*Exercise:*
Through the line with "Esta design de" and starting from the first line, return the records below word for word, with pictures left out.
+++ Supplied entries +++
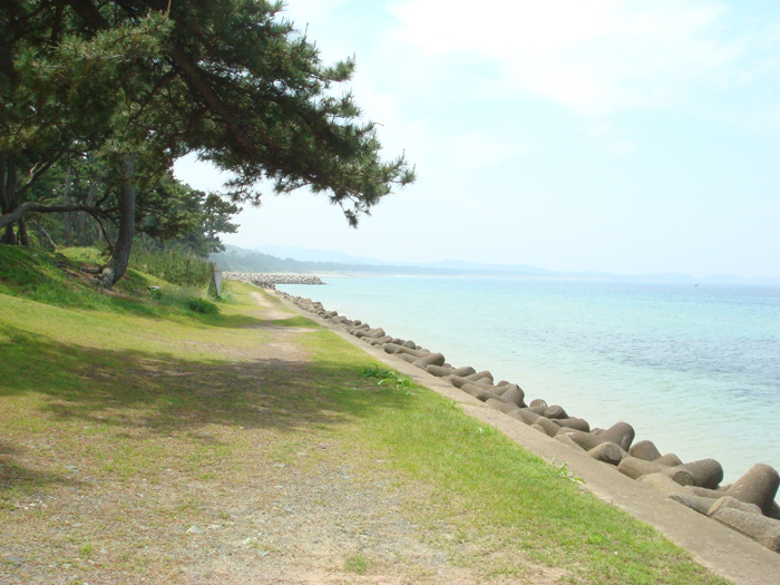 松林の中を片側一車線の道路が走っていて、海岸と道路との間の松林の中に最近作られたのか遊歩道が整備されている。所々にベンチや休憩所も
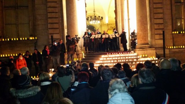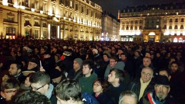 Les milliers de personnes rassemblées en quelques heures sur la place des Terreaux hier soir, (15.000 dit le Progrès ; mais qui a compté tous ceux qui cherchait à rejoindre la place dans tout le centre ville ?), sont la première réponse, entre recueillement, cris pour Charlie et Marseillaise.
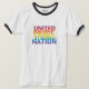 Esta design de camiseta mostra uma mensagem de unidade e força em um vibrante gradiente multicolorido. As palavras "Unidos", "Orgulho" e "Nação Forte" fluem juntas sem interrupções, com cada palavra em transição para a próxima cor. Esta design é perfeita para aqueles que querem celebrar a unidade e promover um forte sentimento de orgulho nacional!
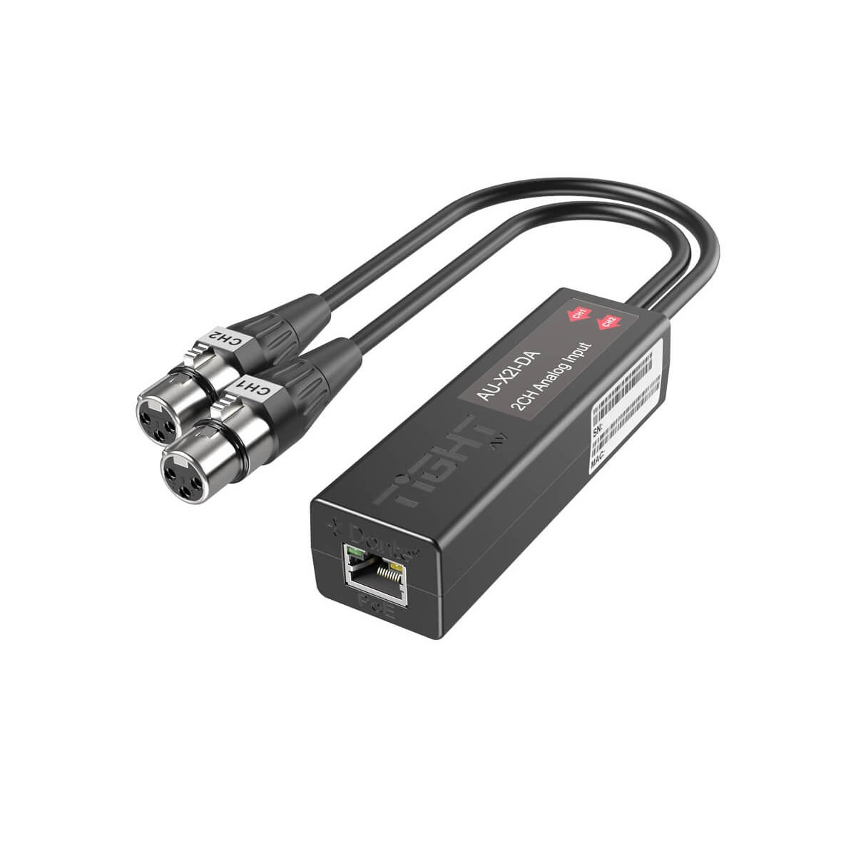 The TiGHT AV AU-X2I-DA inputs 2 channels of analog line-level audio to your Dante network. It supports sample rates up to 96kHz using Audinate’s original Dante Ultimo chip. Featuring 2 female XLR standard connectors, the AU-X2I-DA is a simple and cost-efficient solution to connect analog equipment to a Dante network. PoE support allows for a simplified installation via a PoE-capable network switch or from a separate PoE injector.
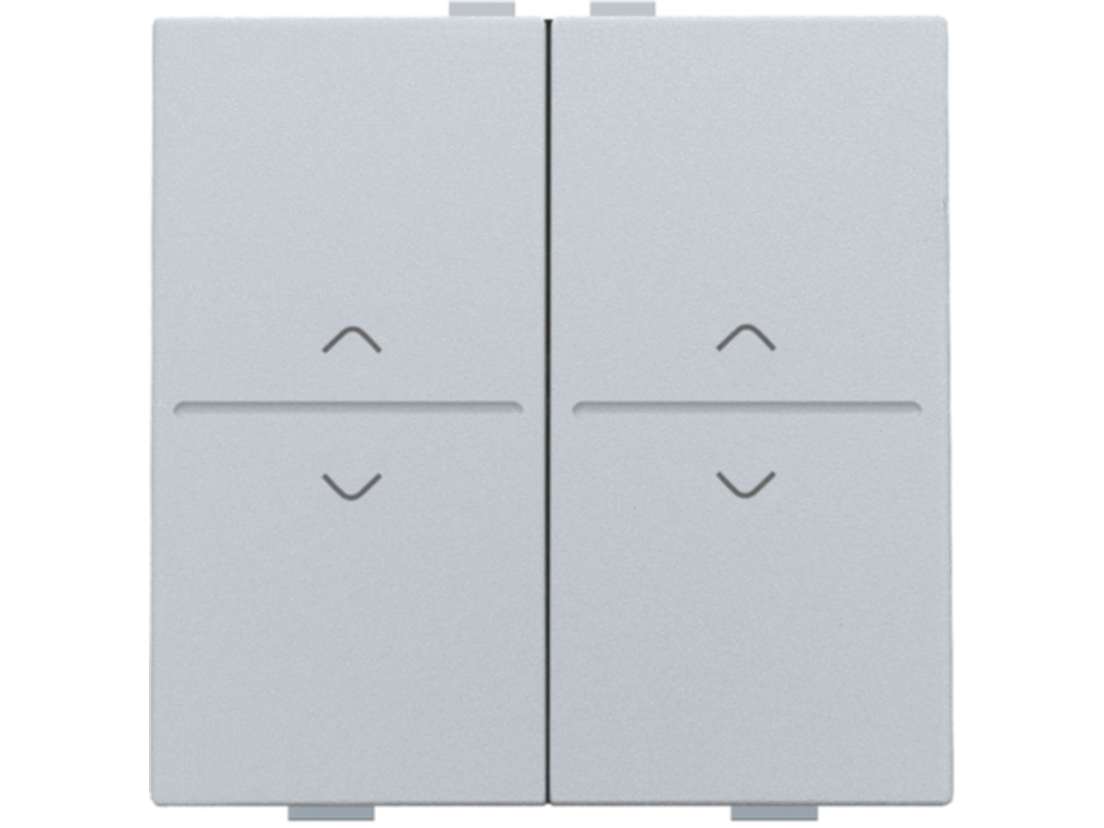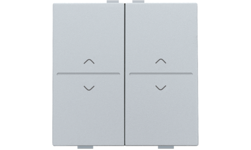 Een tweevoudige toets met symbool op en neer, voor een busdrukknop. Afwerkingskleur: sterling.
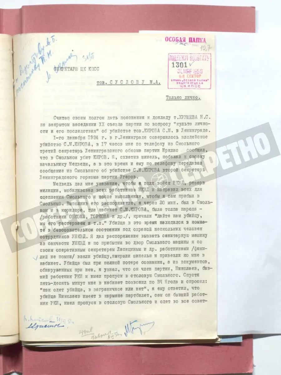 P.S. После ознакомления с архивными документами по убийству Кирова я пришёл к неутешительным выводам. В 1964 году была проведена ещё одна проверка обстоятельств убийства Кирова, но справка по результатам дополнительной проверки обстоятельств убийства С.М. Кирова от 1964 года до сих пор не обнаружена. Скорее всего, и она, и сотни других материалов до сих пор лежат в ведомственных архивах. Так что реальную картину этого загадочного события нашей истории можно будет воссоздать только при истребовании абсолютно всех имеющихся документов Генеральной прокуратурой с проведением профессионального следствия. Время для этого, как считают многие мои коллеги-историки, пришло уже давно…
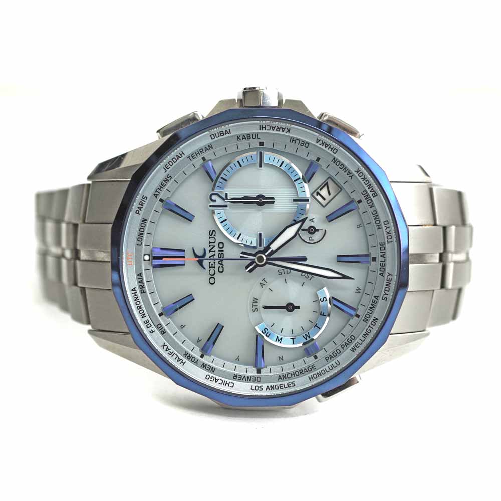 煌く大海原の海面をイメージしたアクアマリンブルーカラーの文字盤が印象的です。 3時側インダイアルのモーターに、運針トルクが高く回転速度の速いデュアルコイルモーターを採用しております。 より短時間でワールドタイム表示が可能になるほか、運針速度に緩急をつけることで独創的な針の動きを表現したデザインが魅力です。 カシオ独自の発電効率に優れた遮光分散型ソーラーセルにより、発色の良い美しい文字盤を実現しています。 この機会に是非いかがでしょうか。
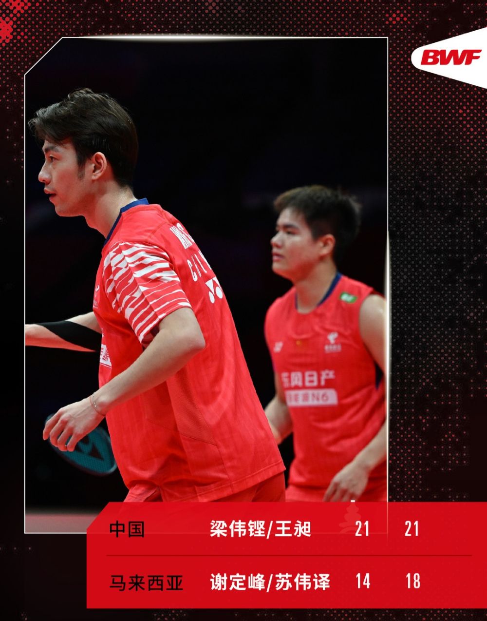 首轮输球的国羽男双“独苗”梁伟铿/王昶2:0击败2号种子、马来西亚组合谢定峰/苏伟译,最后一轮取胜即晋级。
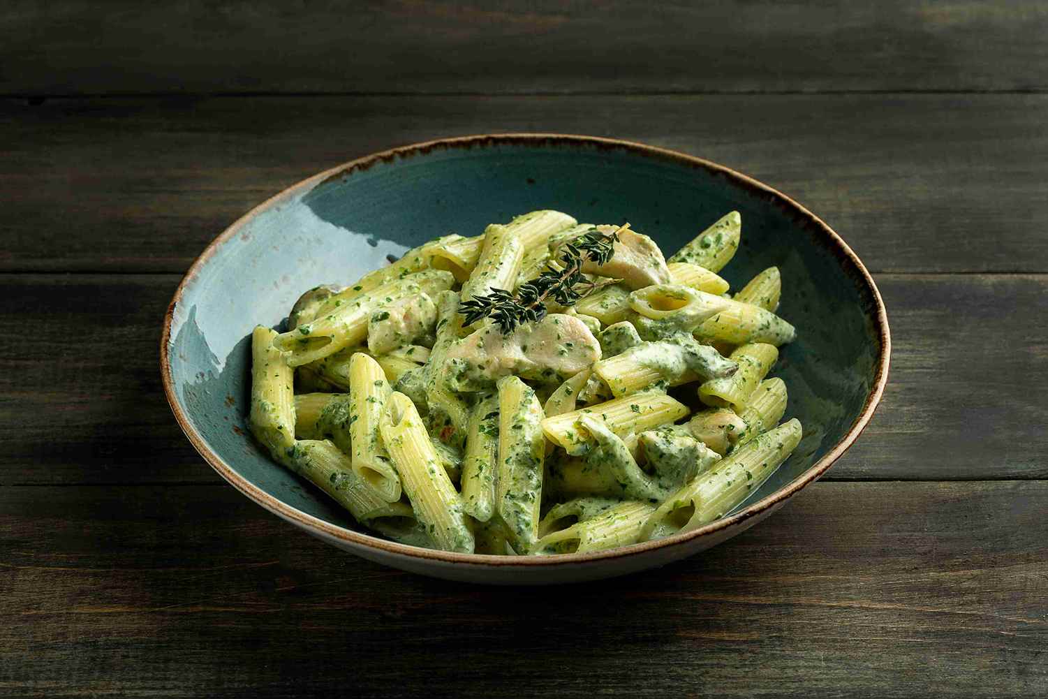 Пенне, куриная грудка, шпинат, вешенки, сливочный соус «Песто», острый перец.
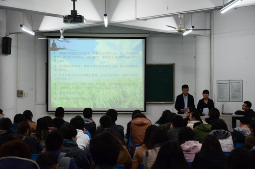 在如何成为一名优秀学生干部讲座上,院团委书记韩志文从学习、品德、能力等方面进行了分析。让同学们了解了学生干部首先是学生,学习是学生的本分,学生干部在学习上落后就丧失了作为学生干部的根本;其次是干部,干部是一个管理者,是一个组织或者团队中的领头人,带领大家去完成目标的人。让同学们对于大学期间如何成长为合格的学生干部有了清晰的了解和认识。
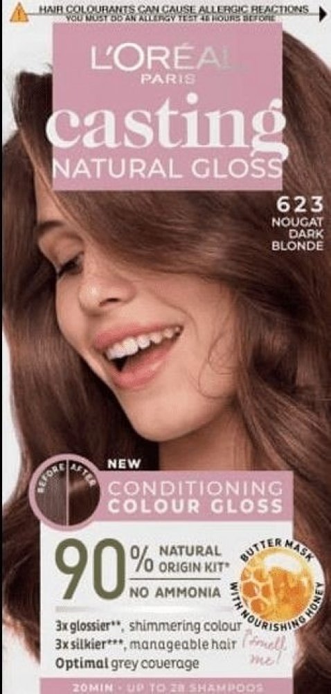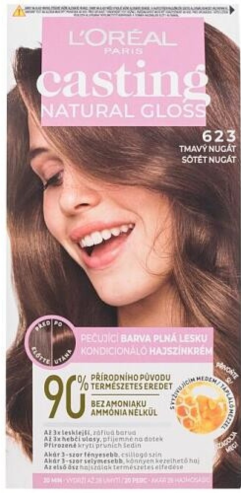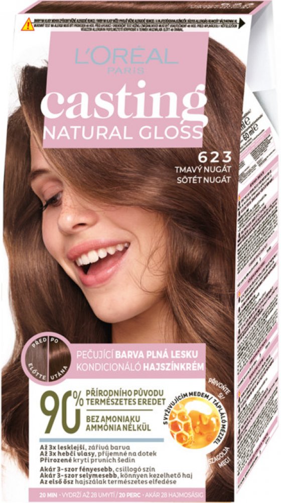 Preferujete barvení vlasů doma nežli u kadeřníka a zalíbila se vám blond barva? Potom vás zajisté potěší barva na vlasy ĽORÉAL PARIS, která dosahuje objemu 180 ml. Krémová barva se chlubí jednoduchým nanášením do vlasů. Zajímáme se o semipermanentní barvu ĽORÉAL PARIS Casting Natural Gloss 623 Tmavý nugát, která je snadno vymývatelná. Pomůže vás s obarvením celé hlavy. Disponuje přírodními složkami, tím se postará o nejlepší vzhled vaší hřívy. Důležité parametry barvy na vlasy ĽORÉAL PARIS Casting Natural Gloss 623 Tmavý nugát Tato barva vám pomůže dosáhnout vašeho oblíbeného odstínu jednoduše z pohodlí domova ĽORÉAL PARIS Casting Natural Gloss 623 Tmavý nugát vám zajistí komplexní obarvení Blond barva na vlasy podtrhne váš vzhled Semipermanentní barva zmizí po několikerém umytím hlavy Vlastnosti a složení: přírodní složky či oleje Jednoduché a rychlé barvení zajistí krémová forma barvy Barva na vlasy ĽORÉAL PARIS dostanete v objemu 180 ml
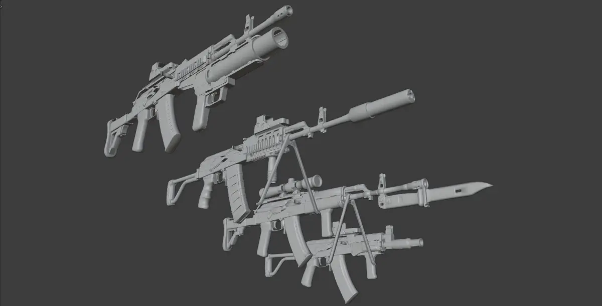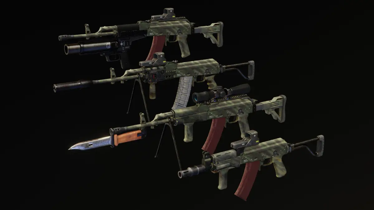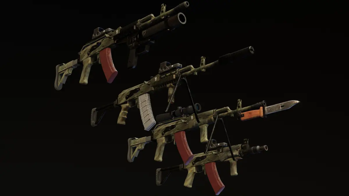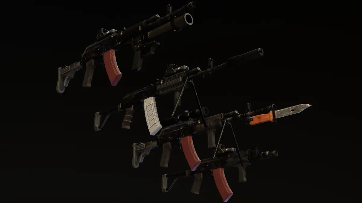 Big pack of classic Polish AK made by Łucznik Arms Factory in Radom.There are 2 color variants: black and camo, and also clean/new version Models are separated to 4 versions, all rigged
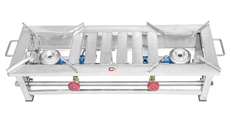 - வணிகம், கேன்டீன், ஹோட்டல், உணவகம், கடை போன்றவற்றுக்கான CAY பிராண்ட் ஹெவி டியூட்டி ஸ்டெயின்லெஸ் ஸ்டீல் பெரிய அளவு இரட்டை சுடர் ஸ்டெயின்லெஸ் ஸ்டீல் உயர் அழுத்த பட்டி கேஸ் ஸ்டவ் சூல்ஹா. அளவு - 10L X 30W X 9H அங்குலம் முழுமையான துணைக்கருவிகள் தொகுப்புடன்.
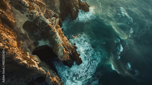 © Hafiz, Obraz premium Dramatic coastal cliffs with waves crashing on the side aerial drone photography style, with copy space
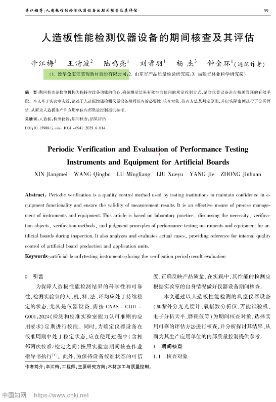 《人造板性能检测仪器设备的期间核查及其评估》(发表于《计量与测试技术》2025年 第6期)▼▼▼
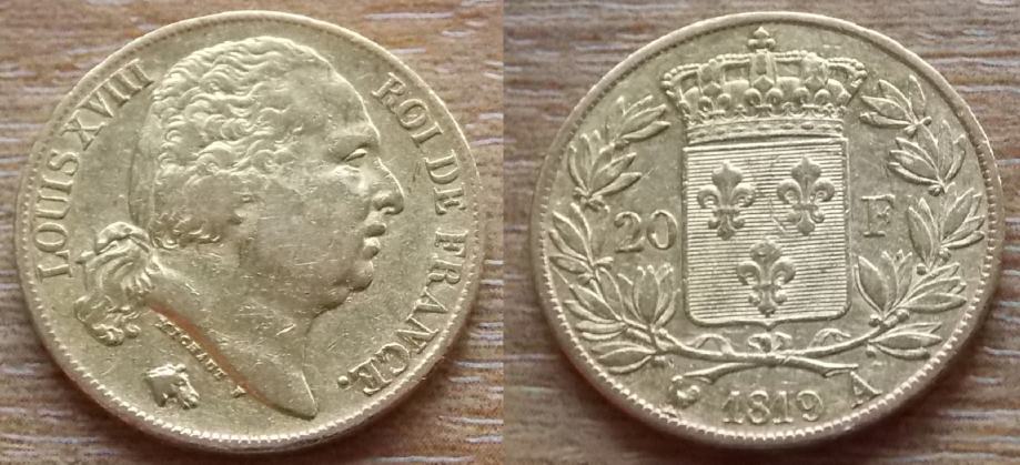 20 Francs 1819 A (kovnica Pariz), ohranjenost VF, 780 €
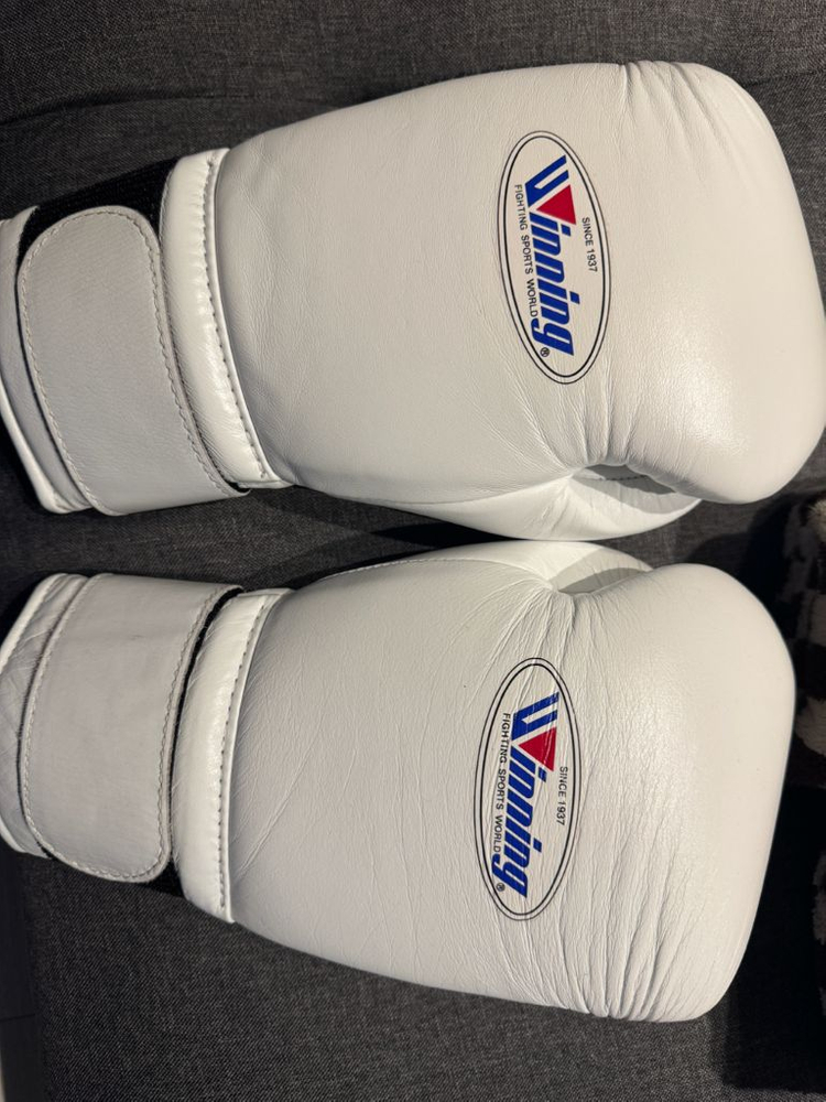 위닝 브랜드 14온스 복싱글러브입니다. 화이트 컬러로 깔끔하고 사용감 별로 없고 상태 양호해요. 얼마사용 안한 제품입니다
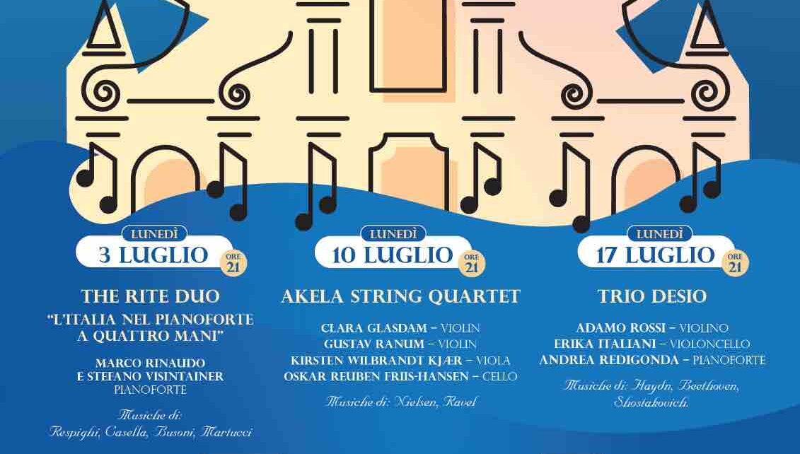 Si comincerà lunedì 3 luglio con The Rite Duo nel concerto “L’Italia nel pianoforte a quattro mani”: Marco Rinaudo e Stefano Visintainer eseguiranno brani di Respighi, Casella, Busoni e Marlucci. Il 10 luglio l’Akela String Quartet, formato da Clara Glasdam e Gustav Ranum al violino, Kirsten Wilbrandt Kjaer alla viola e Oskar Reuben Kriss-Hansen al cello, intratterranno il pubblico con le musiche di Nielsen e Ravel.
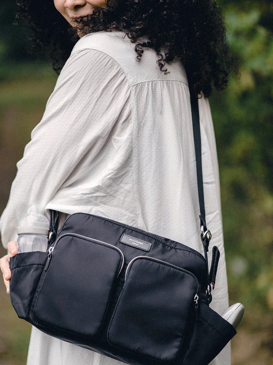 Designed to be used through from the early days of parenthood and beyond, add a contemporary touch to your pram with this convertible stroller organiser/ crossbody bag. With all the space you need to store essentials, this handy style is the number one choice for mums on the move. The built-in stroller attachment allows you to use as a buggy caddy, or simply fling over your shoulder for quick trips out without your stroller.
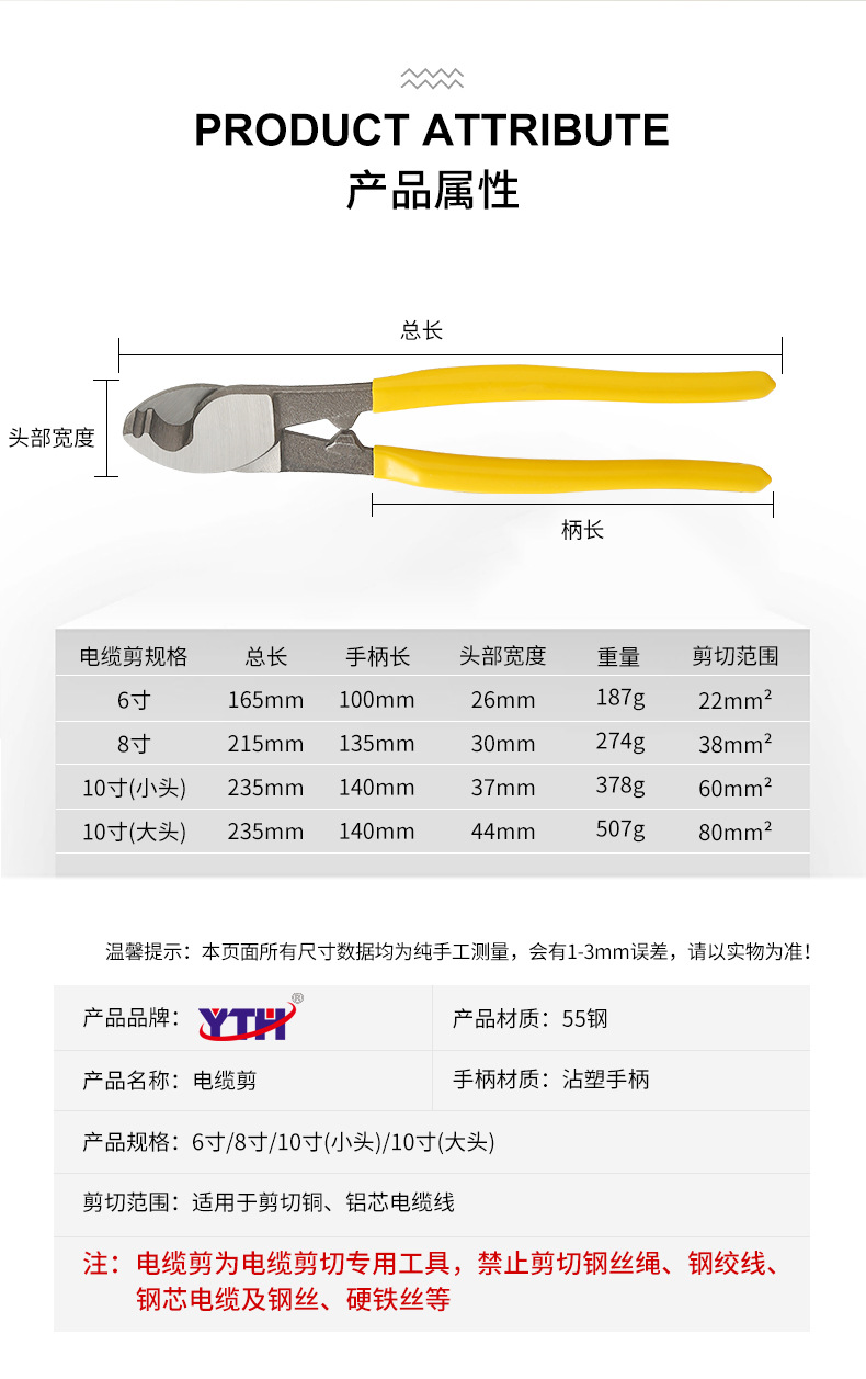 케이블 커터 6inch 전선 절단기 도구 전선 절단 펜치 전선 절단 가위 전기공용 전선 절단기 전선 피복 제거기
+++
*Problem solution:*
 松林の中を片側一車線の道路が走っていて、海岸と道路との間の松林の中に最近作られたのか遊歩道が整備されている。所々にベンチや休憩所も
 Les milliers de personnes rassemblées en quelques heures sur la place des Terreaux hier soir, (15.000 dit le Progrès ; mais qui a compté tous ceux qui cherchait à rejoindre la place dans tout le centre ville ?), sont la première réponse, entre recueillement, cris pour Charlie et Marseillaise.
 Esta design de camiseta mostra uma mensagem de unidade e força em um vibrante gradiente multicolorido. As palavras "Unidos", "Orgulho" e "Nação Forte" fluem juntas sem interrupções, com cada palavra em transição para a próxima cor. Esta design é perfeita para aqueles que querem celebrar a unidade e promover um forte sentimento de orgulho nacional!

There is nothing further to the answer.